Throughput benchmark chart

For memory, we ran a dynamic load latency test designed to simulate the demands of a system running many sandboxes concurrently. The results demonstrate two key strengths: Vera makes full use of its memory bandwidth with relatively few streaming cores, and memory latency stays low and flat even as pressure on the memory channels increases. This experiment serves as a proxy for sandbox workloads, where some, but not all, sandboxes on the system are actively accessing memory at a given instant. Under this regime, Vera maintains high bandwidth and low memory latency, advantages that translate directly to real-world gains. When compared against AMD Zen 5, Vera makes full use of its memory bandwidth sooner, sustains significantly higher throughput, and keeps latency lower as memory pressure grows. Crucially, in a production sandbox system where between 10 and 60 sandboxes are realistically accessing memory concurrently, Vera dominates throughout the entire steady-state operating zone.

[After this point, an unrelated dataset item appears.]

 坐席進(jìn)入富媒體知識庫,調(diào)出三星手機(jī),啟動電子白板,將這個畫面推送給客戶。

Memory bandwidth benchmark chart

The memory benchmark is publicly available at dynamic-load-bench for independent reproducibility.

Prime Intellect plans to host our sandbox offering on Vera once it becomes publicly available, with GPU-enabled sandboxes also planned on top of Vera Rubin systems. The verifiers library, used to design and develop RL environments, fully supports sandbox-backed environments out of the box. Once enabled, RL researchers using our platform will benefit from the performance of sandboxes running on Vera with no changes to their environment definitions.

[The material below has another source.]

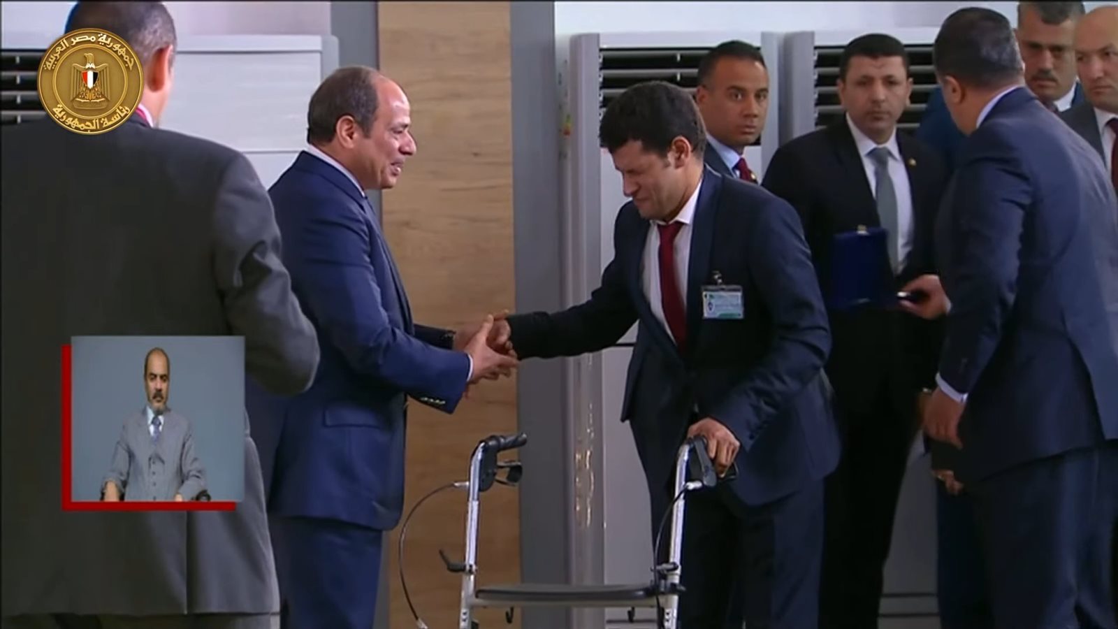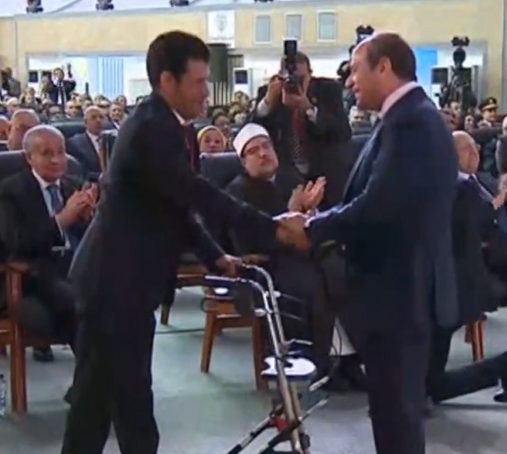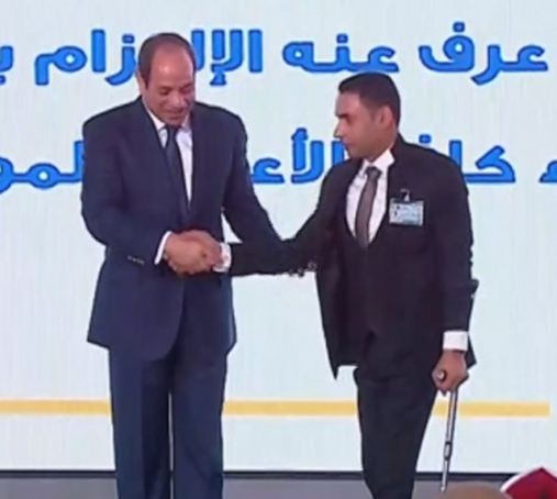 أكمل الرئيس: ارفع نسبة المكون المحلى ومستعد ندخل معاك وبهنيك على المصنع وأتمنى لك التوفيق وأشكركم على التبرع ومزيد من العمل وخلي بالك من صحتهم والرياضة بتاعتهم".

Advancing Reinforcement Learning with Prime Intellect and NVIDIA NeMo

Nemotron models are available for training through Lab, NVIDIA NeMo Gym environments integrate directly into verifiers, and the NVIDIA NeMo RL training stack also integrates with verifiers. We also collaborate on advancing open research, open datasets, and state-of-the-art open-source models. INTELLECT-3, for example, incorporated Nemotron datasets as part of a broader effort to push open-source models forward and expand access to frontier post-training.

This collaboration extends beyond infrastructure into models and research. We’re also working together on NVIDIA NemoClaw — an open source stack that simplifies running OpenClaw always-on assistants, more safely, with a single command. As part of the NVIDIA Agent Toolkit, it installs the NVIDIA OpenShell runtime—a secure environment for running autonomous agents, and open source models like NVIDIA Nemotron. As part of the NVIDIA Agent Toolkit, it installs the NVIDIA OpenShell runtime, a secure environment for running autonomous agents, and open-source models like NVIDIA Nemotron.

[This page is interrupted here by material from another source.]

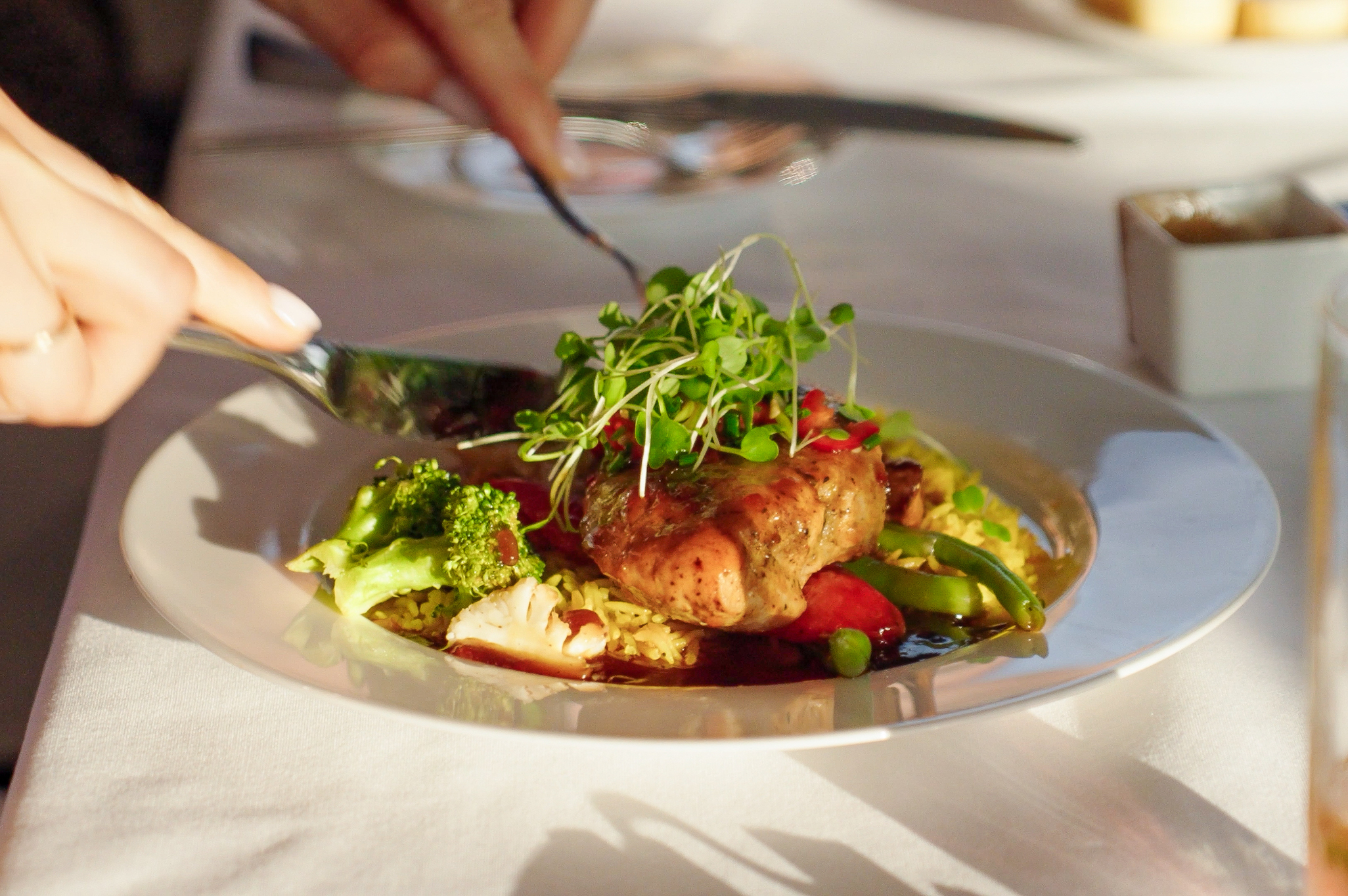 We started with dinner in the dining room, where the friendly crew helped us snag a cozy window-side table. You do have to pay an extra $25 for those, but trust us, the views are totally worth it! The menu offers classic seasonal fare with a twist, including vegetarian and vegan options that don’t taste like afterthoughts.

The NVIDIA stack has enabled us to build a more capable platform for post-training, agentic inference, and sandbox-backed reinforcement learning. As NVIDIA Vera Rubin becomes available, we look forward to deepening our collaboration with NVIDIA, continuing to integrate new tooling across our stack, and scaling agentic inference globally. Taken together, these steps move us closer to our long-term goal: enabling everyone to build self-improving agents.